START Material provided
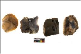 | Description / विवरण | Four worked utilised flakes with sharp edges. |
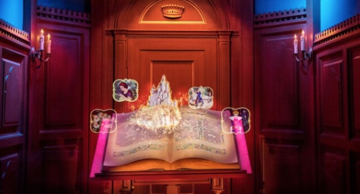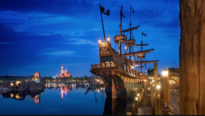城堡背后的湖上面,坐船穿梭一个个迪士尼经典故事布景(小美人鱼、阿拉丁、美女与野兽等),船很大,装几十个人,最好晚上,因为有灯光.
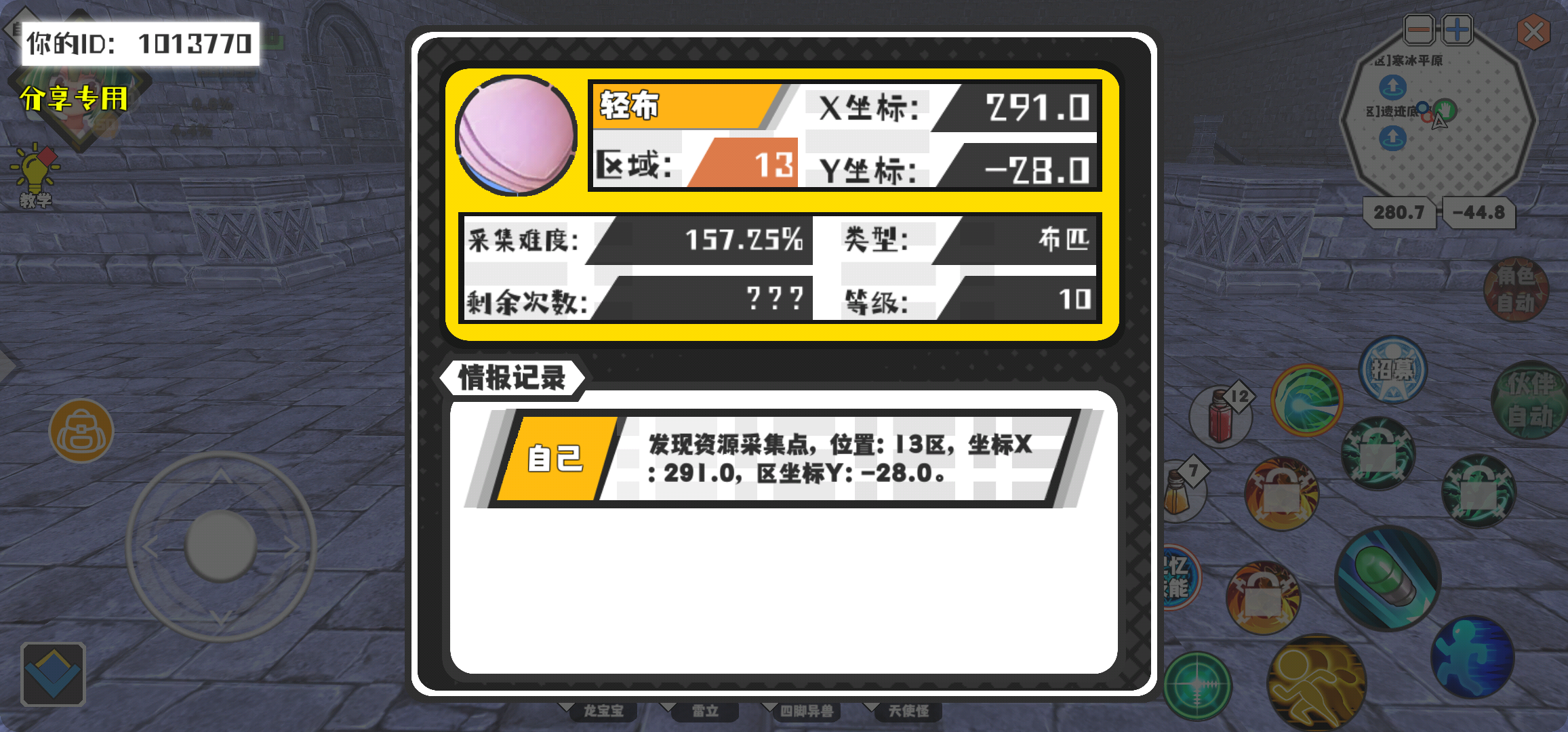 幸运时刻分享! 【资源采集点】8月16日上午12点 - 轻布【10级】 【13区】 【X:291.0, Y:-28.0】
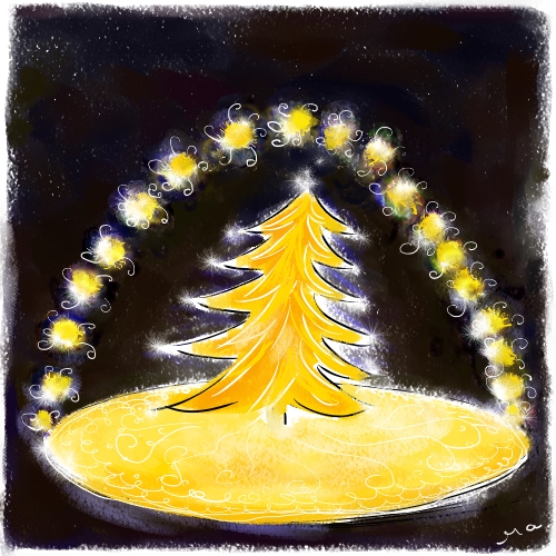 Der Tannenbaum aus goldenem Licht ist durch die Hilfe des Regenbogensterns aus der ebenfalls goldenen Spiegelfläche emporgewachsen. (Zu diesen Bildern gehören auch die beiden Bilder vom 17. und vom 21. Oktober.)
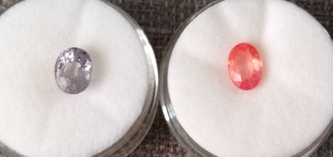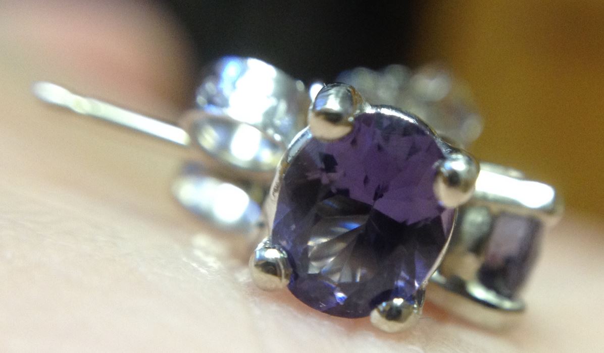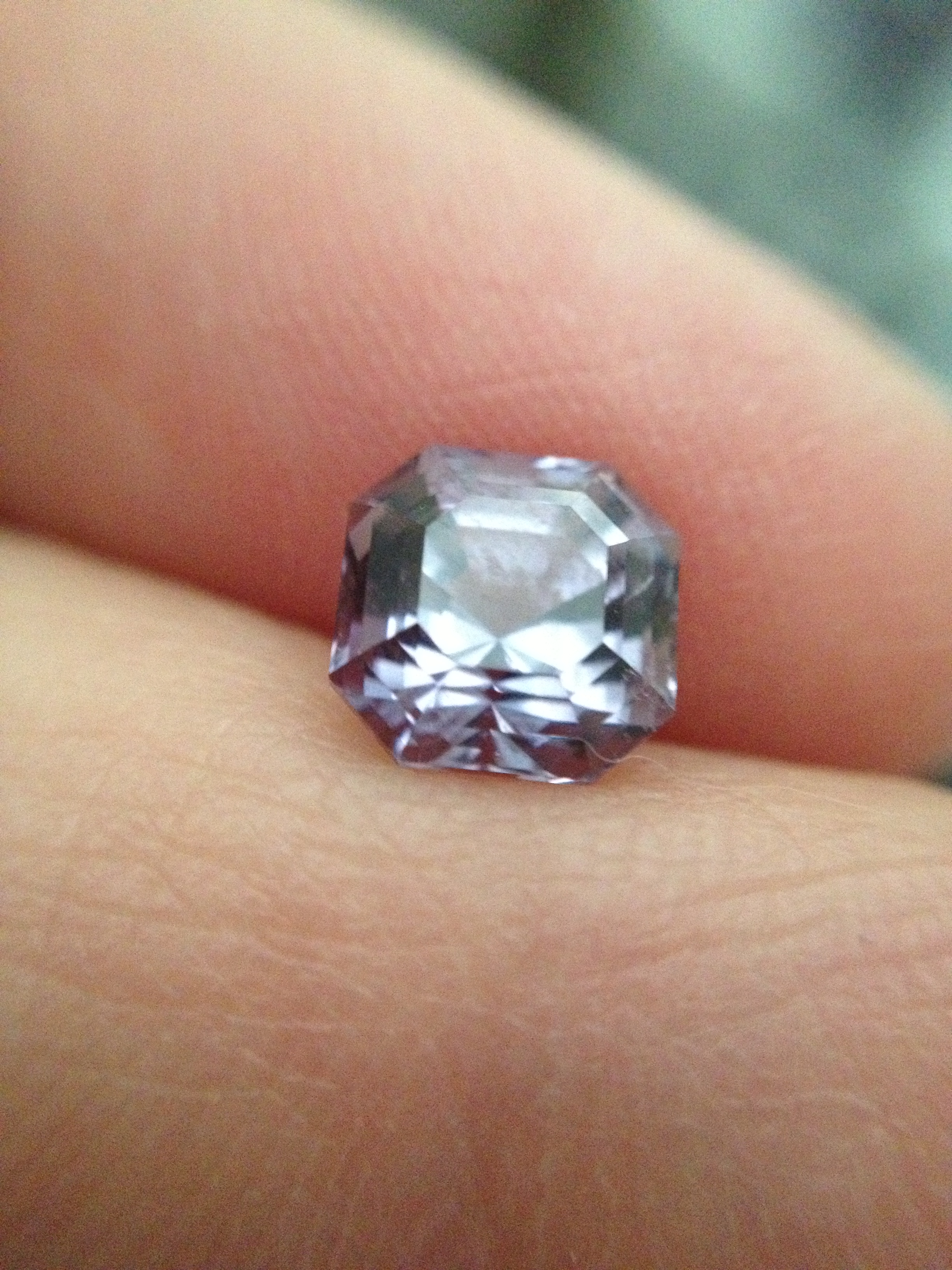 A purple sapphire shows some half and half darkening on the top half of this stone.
END Material provided
START Material provided
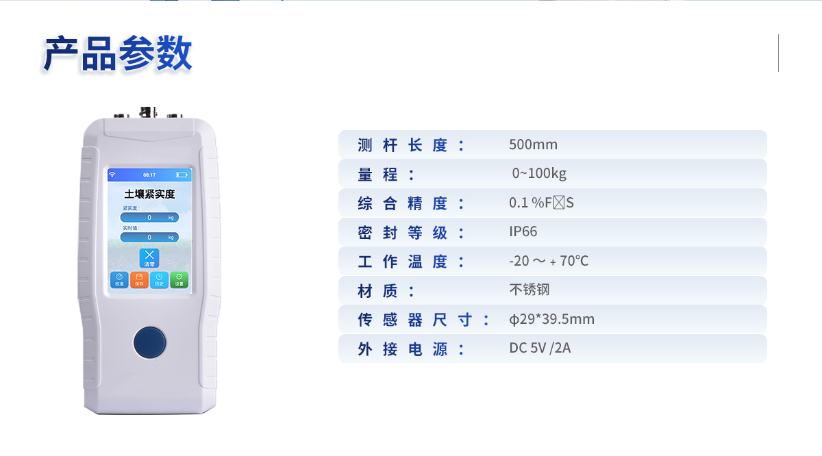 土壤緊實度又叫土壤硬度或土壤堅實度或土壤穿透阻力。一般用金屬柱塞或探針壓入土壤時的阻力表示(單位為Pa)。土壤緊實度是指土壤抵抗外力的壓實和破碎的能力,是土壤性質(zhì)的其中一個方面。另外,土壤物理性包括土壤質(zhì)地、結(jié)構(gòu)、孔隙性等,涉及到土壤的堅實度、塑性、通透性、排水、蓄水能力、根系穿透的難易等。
END Material provided
START Material provided
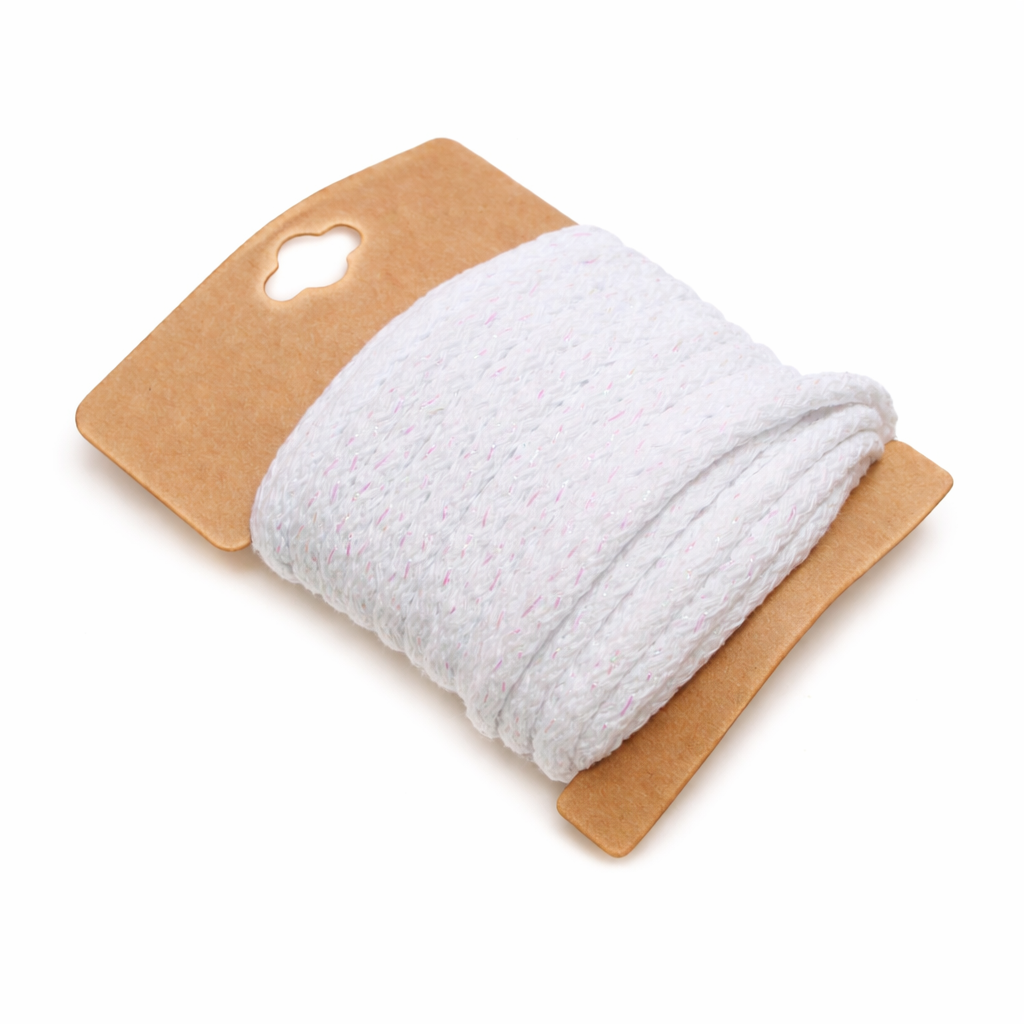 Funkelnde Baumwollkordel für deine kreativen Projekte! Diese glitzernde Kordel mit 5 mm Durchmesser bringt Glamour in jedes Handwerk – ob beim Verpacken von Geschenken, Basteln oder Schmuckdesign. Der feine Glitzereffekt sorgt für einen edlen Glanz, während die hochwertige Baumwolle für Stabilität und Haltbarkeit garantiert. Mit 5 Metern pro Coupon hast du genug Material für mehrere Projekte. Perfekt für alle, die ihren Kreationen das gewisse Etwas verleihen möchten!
END Material provided
Task to complete =>
Give again the lines of the listing above that run from the one with "sharp edges. |" up to and including the one with "A purple sapphire". Keep them exact and omit the pictures.

Task result =>
 | Description / विवरण | Four worked utilised flakes with sharp edges. |
城堡背后的湖上面,坐船穿梭一个个迪士尼经典故事布景(小美人鱼、阿拉丁、美女与野兽等),船很大,装几十个人,最好晚上,因为有灯光.
 幸运时刻分享! 【资源采集点】8月16日上午12点 - 轻布【10级】 【13区】 【X:291.0, Y:-28.0】
 Der Tannenbaum aus goldenem Licht ist durch die Hilfe des Regenbogensterns aus der ebenfalls goldenen Spiegelfläche emporgewachsen. (Zu diesen Bildern gehören auch die beiden Bilder vom 17. und vom 21. Oktober.)
 A purple sapphire shows some half and half darkening on the top half of this stone.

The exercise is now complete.